:: WHAT THE TASK REQUIRES ::
Once the pictures are set aside, retype the remaining entries exactly.
--- --- ---
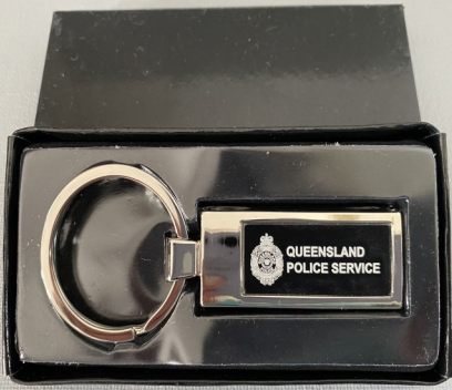
Queensland Police Service Key Ring $5.00. (Suitable for engraving great for graduation gift).
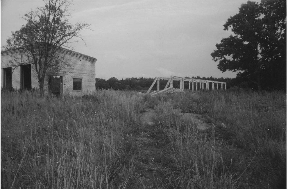
FIGURE 5 The landscape of abandonment

Some measures were implemented during the first phase of the project. The contributory rivers were de-channelized to restore the natural flow of water into and out of Lake Pape. Modern reed-cutting machinery was purchased, enabling local residents to earn income from the export of reeds (popular as a roofing material in Denmark and Germany) while also helping to increase the lake's open water. Activities were undertaken to promote ecotourism as a central aspect of the area's future economic development, including construction of a bird-watching tower on the lake and some modest visitor facilities. Project staff persuaded two local families to open bed-and-breakfast operations. Toward the goal of building local capacity for economic diversification, a credit union was established and adult education courses were offered – and widely attended – in tourism, foreign languages, business and basic computer skills.
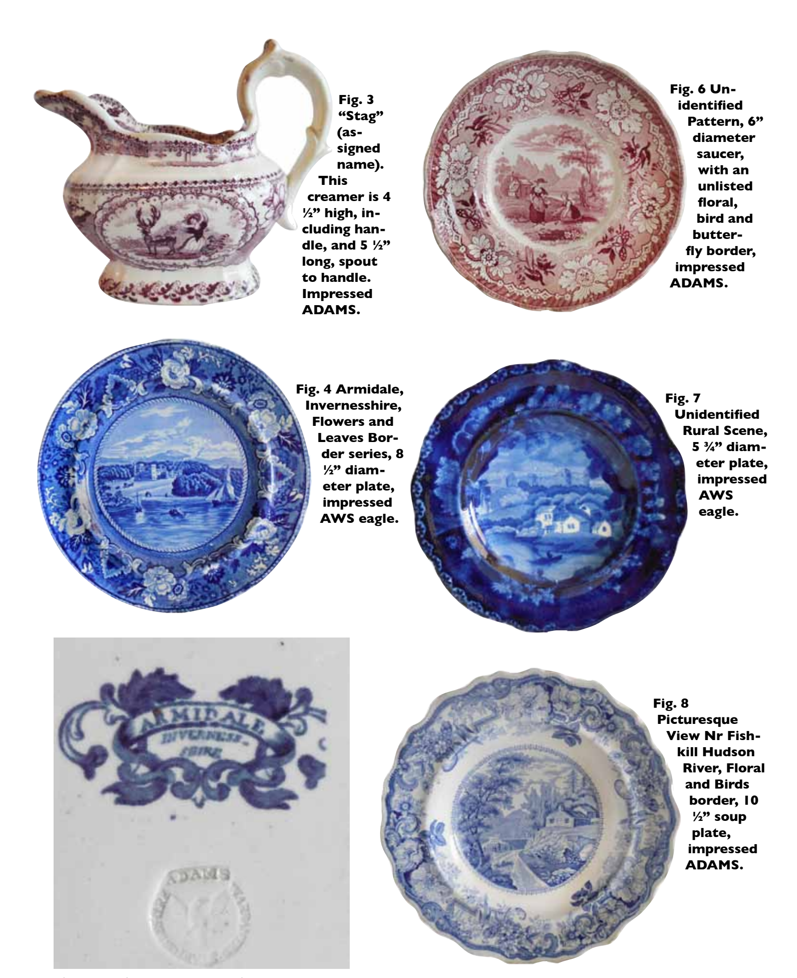
Fig. 5 Armidale, Invernesshire backstamp.
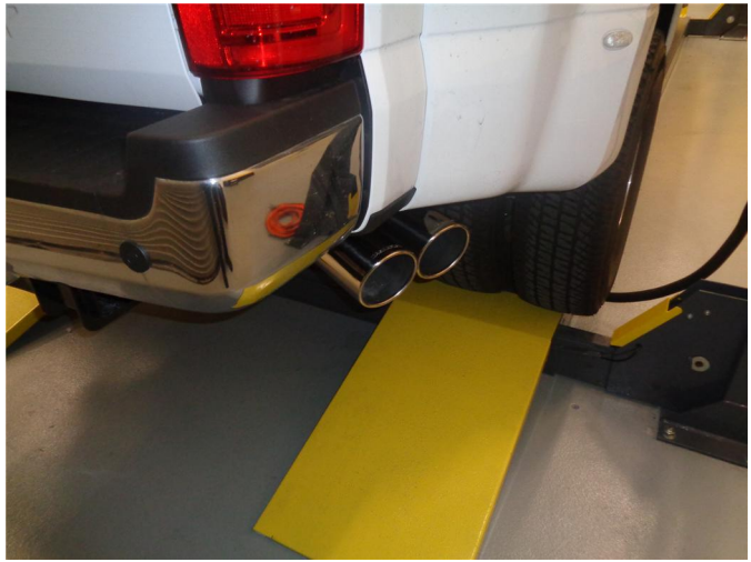
Step 7. Once a final position has been chosen for the new exhaust system, evenly tighten all clamps from front to rear using the torque specifications on page one of the instructions. Inspect all fasteners after 25-50 miles of operation and re-tighten if necessary.
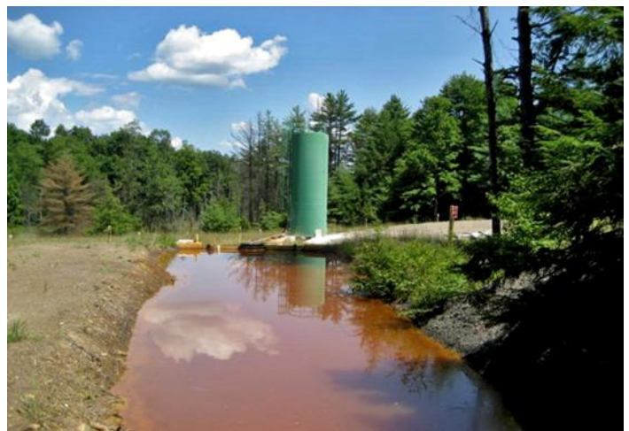
Tipping bucket lime doser treating AMD Discharge No. 17 PA 1934

Before the project ended, the group graded 320 acres, and replanted it for the resident elk herd. They reclaimed ten highwalls of more than 30-thousand linear feet. They mined more than a half-million tons of limestone to provide alkalinity in the stream and in the reclaimed sites, moved more than 5000 cubic yards of coal waste, closed 23 old mine openings, installed five wet seals, and treated 14 AMD discharges.
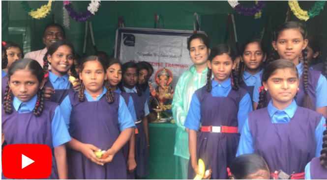
Model Village, Chattisgarh
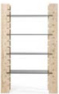
F.FIT.241.AIG L 130 D 38 H 213 cm L 51 D 15 H 83 3/4in

Bookcase with structure in marble cat. B Rosso Levanto - Matt. Structural bars in matt brass. Coupled clear and smoked glass shelves with GF logo.
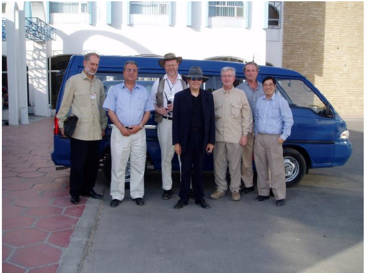
The IMF team at the UN Canal Hotel in July 2003(before it was bombed)

On that first trip we traveled on a UN-World Food Organization charter flight from Amman. We were actually booted from our intended flight and had to return to our hotel and come back the next morning. The WFO guy at the airport had no record of our “confirmed” reservations in his printout. Post war environments are rarely well organized. The experience was not terribly different from my UN-WFO charter flights into Kosovo in its early days or the NATO C-130 charters from Zagreb to Sarajevo in the early days of my work in Bosnia and Herzegovina (except that the C-130s were clearly military transports with military seating and “service”).
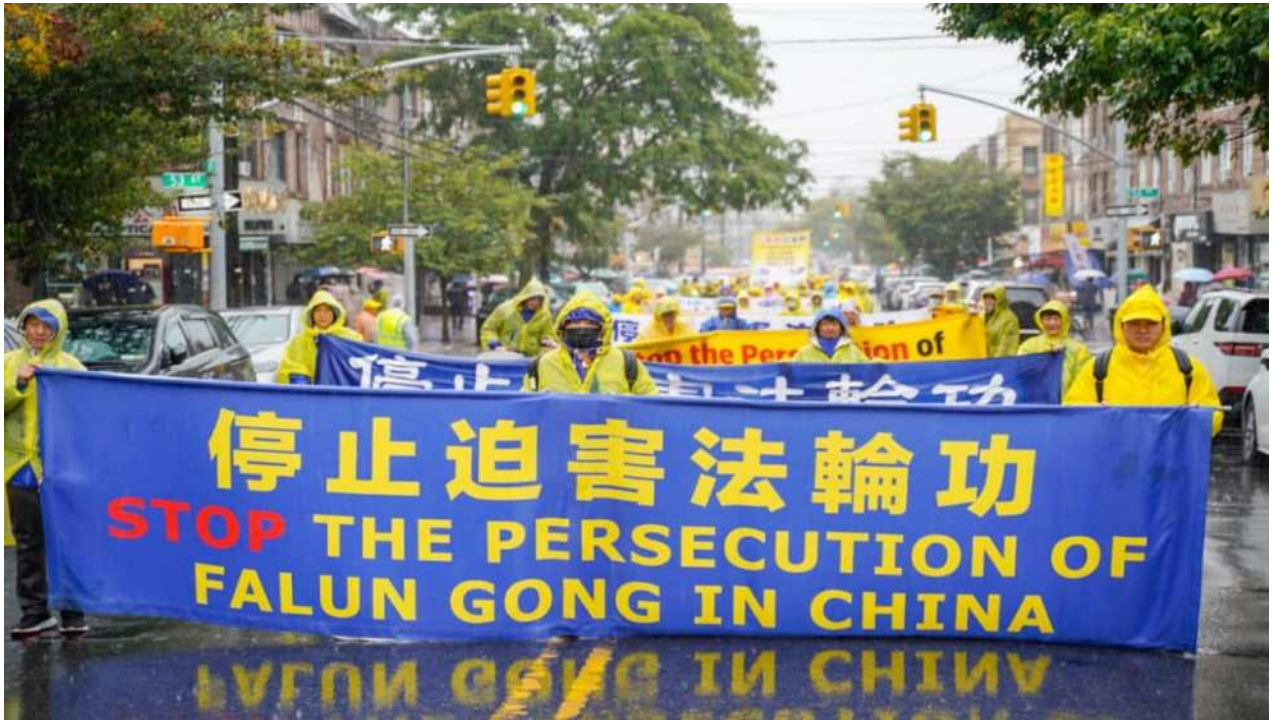
New York, United States Falun Gong practitioners parade through Brooklyn, New York (2022)
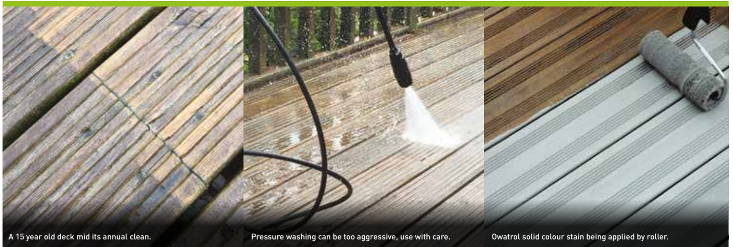
A 15 year old deck mid its annual clean.

Now put your feet up, sit back and admire the results!
--- --- ---
:: TASK RESPONSE ::
Queensland Police Service Key Ring $5.00. (Suitable for engraving great for graduation gift).
FIGURE 5 The landscape of abandonment

Some measures were implemented during the first phase of the project. The contributory rivers were de-channelized to restore the natural flow of water into and out of Lake Pape. Modern reed-cutting machinery was purchased, enabling local residents to earn income from the export of reeds (popular as a roofing material in Denmark and Germany) while also helping to increase the lake's open water. Activities were undertaken to promote ecotourism as a central aspect of the area's future economic development, including construction of a bird-watching tower on the lake and some modest visitor facilities. Project staff persuaded two local families to open bed-and-breakfast operations. Toward the goal of building local capacity for economic diversification, a credit union was established and adult education courses were offered – and widely attended – in tourism, foreign languages, business and basic computer skills.
Fig. 5 Armidale, Invernesshire backstamp.
Step 7. Once a final position has been chosen for the new exhaust system, evenly tighten all clamps from front to rear using the torque specifications on page one of the instructions. Inspect all fasteners after 25-50 miles of operation and re-tighten if necessary.
Tipping bucket lime doser treating AMD Discharge No. 17 PA 1934

Before the project ended, the group graded 320 acres, and replanted it for the resident elk herd. They reclaimed ten highwalls of more than 30-thousand linear feet. They mined more than a half-million tons of limestone to provide alkalinity in the stream and in the reclaimed sites, moved more than 5000 cubic yards of coal waste, closed 23 old mine openings, installed five wet seals, and treated 14 AMD discharges.
Model Village, Chattisgarh
F.FIT.241.AIG L 130 D 38 H 213 cm L 51 D 15 H 83 3/4in

Bookcase with structure in marble cat. B Rosso Levanto - Matt. Structural bars in matt brass. Coupled clear and smoked glass shelves with GF logo.
The IMF team at the UN Canal Hotel in July 2003(before it was bombed)

On that first trip we traveled on a UN-World Food Organization charter flight from Amman. We were actually booted from our intended flight and had to return to our hotel and come back the next morning. The WFO guy at the airport had no record of our “confirmed” reservations in his printout. Post war environments are rarely well organized. The experience was not terribly different from my UN-WFO charter flights into Kosovo in its early days or the NATO C-130 charters from Zagreb to Sarajevo in the early days of my work in Bosnia and Herzegovina (except that the C-130s were clearly military transports with military seating and “service”).
New York, United States Falun Gong practitioners parade through Brooklyn, New York (2022)
A 15 year old deck mid its annual clean.

Now put your feet up, sit back and admire the results!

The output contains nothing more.